It’s thumbs up but fingers crossed for my Alfa Giulia



Provided by Independent.ie

Many years ago, I dreamed of playing the guitar. I mean properly. Not discordant three-chord tricks with more buzzes and clicks than a swarm of bees in a room full of static. The problem was, apart from a blatant lack of ability, my fingers were far too short to stretch to some of the easier combinations of notes and shapes to reproduce the most basic, simple melodies.

I never listen to an electric guitar riff or classic piece (on Lyric FM) without being in awe of the dexterity and artistry involved. How do they do it? I’m sure long fingers help.

I’m often reminded of my digital deficiency.

I never expected it to be at the wheel of a car, but I was with this new version of the Alfa Romeo Giulia sports saloon. Therein lies a tale of some frustration – and great joy.

Let’s get the frustration out of the way first. They have, you see, these two enormous Formula One-type paddles on either side of the steering column so you can change gears instead of letting the 8spd auto box (with manual parallel) do it for you. I love being able to do that. It lets me time my entrance and exits to corners the way I want. The only problem was, the paddles were nearly as big as, well, real paddles. More pointedly they create distance and block easy access to other vital knobs/controls on the column – such as indicators, headlight-dimmer and wipers (these are not clever at all; please change).

So, factor in my short fingers – and instead of stuff being easy to reach, I’m forced into awkward, angular stretches. It’s all unnecessary.

Yet within this cluster of annoyance is a focal point of real relish – the crafted slimness of the steering wheel itself. The light touch it conveyed became a conduit of the car’s energies, quickly drawing me into a motor that, for the first time in years, had me thinking: “This is what an Alfa should feel like.”

I’ve previously driven diesel versions of the Giulia and, I admit, had been merciful in giving them moderate praise. I did say I found it a bit uninspiring – for an Alfa. I could have been harsher. Understandably, I hadn’t great hopes for this petrol model.

Indeed, only recently, I’d been saying how ordinary the new Giulia looked and how I felt the marque had yielded to the imperatives of mid-size executive saloon conformity.

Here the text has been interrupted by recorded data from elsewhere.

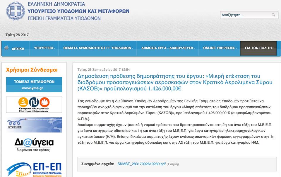 Θετικό αποτέλεσμα δίδουν οι πολύμηνες προσπάθειες βελτίωσης των δυνατοτήτων του αεροδρομίου Σύρου, με φόντο την εξαιρετικά αισιόδοξη εξέλιξη της χθεσινής δημοσιοποίησης της πρόθεσης δημοπράτησης του έργου επέκτασης του διαδρόμου προσαπογειώσεων στην ιστοσελίδα του Υπ. Υποδομών, Μεταφορών και Δικτύων και στη Γενική Γραμματεία Δημόσιων Έργων.
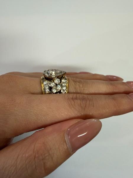 AN 18CT WHITE AND YELLOW GOLD PEAR SHAPE MULTI DIAMONDS PANEL RING SIZE M1/2, 18.5GR
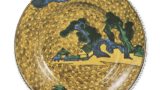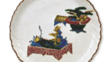 This large dish has a rather wide stalagmite-shaped rim, with a figure fishing on a bamboo screen in a prospective round window, and two children playing in the background. Both figures are dressed in kimono, and it is not clear what the subject of the painting was. On the reverse side, a peony arabesque design with pointed petals is depicted in underglaze blue, and the inscription “Made in the year of Taiming Seika” is written on the base and a Chinese character “fuku” is written in a double corner, but such an inscription is rare.
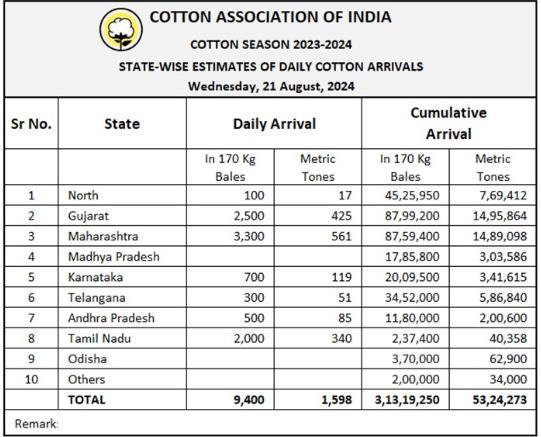 據(jù)外電8月21日消息,印度棉花協(xié)會(CAI)公布,8月21日印度棉花到貨量預(yù)估為9400包(每包170公斤)或1598噸。
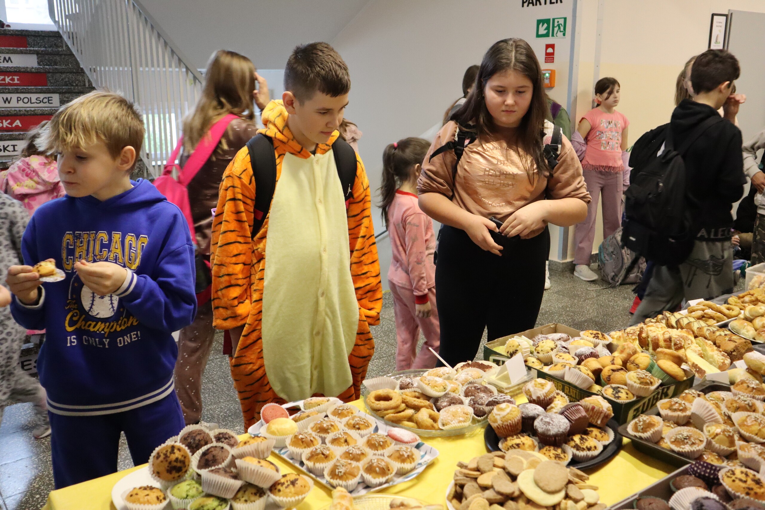 W tym szczególnym dniu cała społeczność szkolna miała okazję uczestniczyć w piżamowej zumbie, zabawach zorganizowanych przez Samorząd Uczniowski oraz każdy mógł zakupić pyszne wypieki rodziców uczniów naszej szkoły. Serdecznie dziękujemy rodzicom za wsparcie akcji oraz pomoc w obsłudze stoiska kiermaszowego.
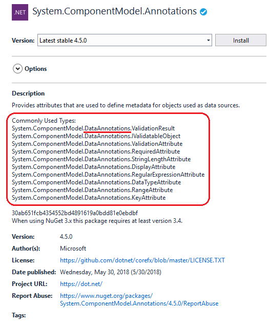 首先,您可以注意到关于包System.ComponentModel.Annotations的描述
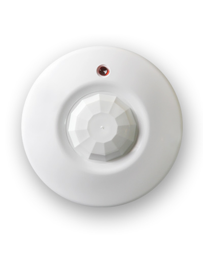 - Установка на потолке, объемная круговая зона обнаружения;
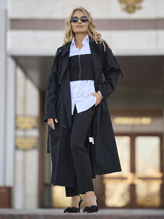 Тренч Бранка - классический черный тренч из плащевой ткани с водоотталкивающей пропиткой. Внутренняя отделка выполнена в монохромных цветах, гармонирующих с тканью верха. Обладает идеальной посадкой и свободным кроем. Рукав типа реглан обеспечивает свободу движений. Удобные карманы имеют оптимальный размер.
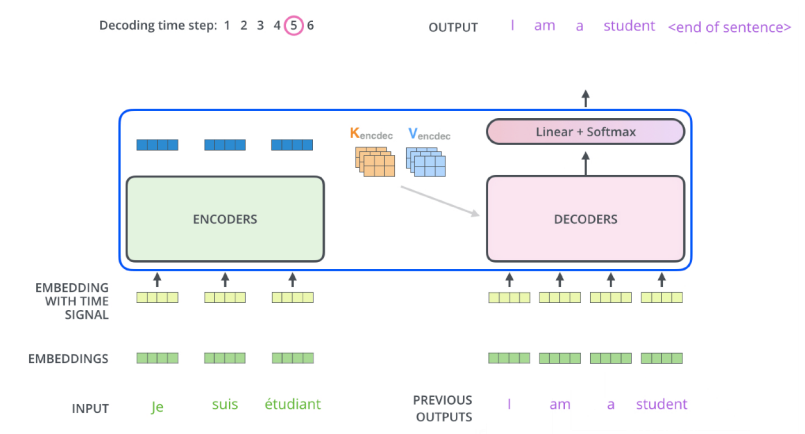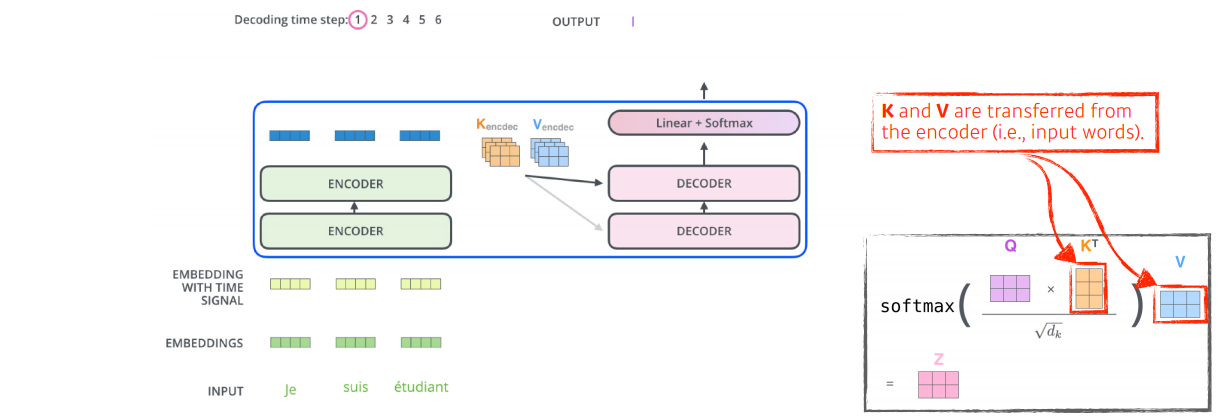 인코더에서 디코더로 key 벡터와 value 벡터를 보내게 된다.

Colour does play its part with the softer design. I think my previous diesel was a dull, dark blue. This Veloce model in striking ‘Misano Blue’ metallic caught the eye more favourably while dark leather upholstery and smatterings of aluminium inserts certainly lifted the cabin.

For all that, however, this was to be totally about the drive. The engine purred or sweetly growled depending on how much pressure I applied to the accelerator. Loved that. The car was quick, sharp and light to the touch and steer. Light to the point of little feedback, maybe, yet impressively sure-footed and reassuringly accurate when placed or pointed. Where the diesel felt heavy and sounded like it was working hard, this just smoothly surged with power.

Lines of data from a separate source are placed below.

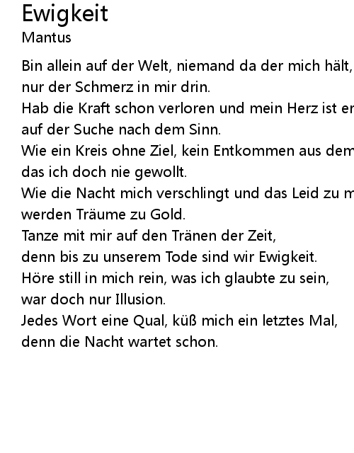 | Bin allein auf der Welt, niemand da der mich h lt, | |
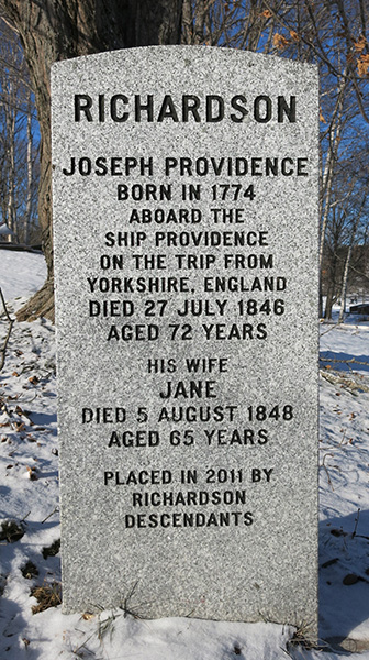 Inscription: RICHARDSON / Joseph Providence / Born in 1774 / Aboard the / Ship Providence / on the Trip from / Yorkshire, England / Died 27 July 1846 / Aged 72 Years / His Wife / Jane / Died 5 August 1848 / Aged 65 Years / Placed in 2011 by / Richardson / Descendants.3  Marker, Joseph Providence Richardson (1774-1846). Lower Sackville Methodist Cemetery, Sackville, Westmorland County, New Brunswick, Canada. Photo courtesy of findagrave.com.
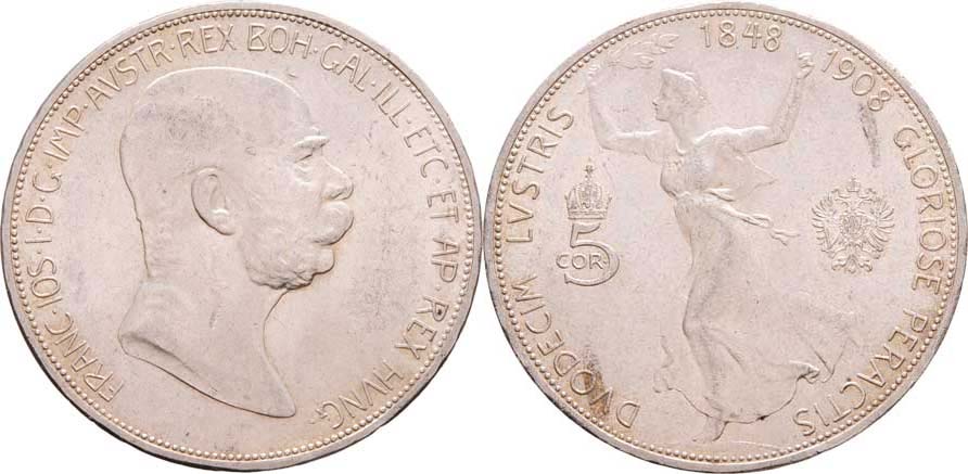 5 Koruna 1908 - jubilejní, 24.057g, nep.hr., dr.škr., nep.rysky, pěkná patina

One drive, to and from the midlands, was as pleasant as I’ve had for a long time. The Alfa hugged narrow, twisty country roads, it slipped over motorway tarmac and – this is the magic bit – always felt like it was on its toes. Paddles? I used them extensively and to great effect, refusing, through gritted teeth, to let them, or anything else, interfere with a proper Alfa drive.

I haven’t enjoyed a car from the famous Italian marque as much for more than a decade. I loved how the engine eased up the revs, how the chassis sharpened the harder it was driven. Yes, I relied on Dynamic model for a more acute performance and maybe the steering could give me a greater sense of firmness. But this was fleet-of-foot exciting driving: what an Alfa should be like.

Is it as good as the BMW 5-series? It doesn’t feel as solid or chunky and the diesel doesn’t match up, but I prefer this Veloce to any 5-series I’ve driven under the €60,000 mark. It’s not near the Mercedes E-Class on cabin, layout or road presence but it’s livelier; more energetic. It’s a distinctly different take on what a sports saloon can be.

Would I buy it? Nearly €60,000 suggests it will be bought by Alfistis or someone browned off by the German giants. I’d worry about ­residual values regardless of how well it is built and received. But if I had to choose, I’d buy it long before I’d buy its diesel stablemates.

It hasn’t really changed my overall view of the range but it has altered my view on of what the Giulia set-up can do with the right engine under the bonnet.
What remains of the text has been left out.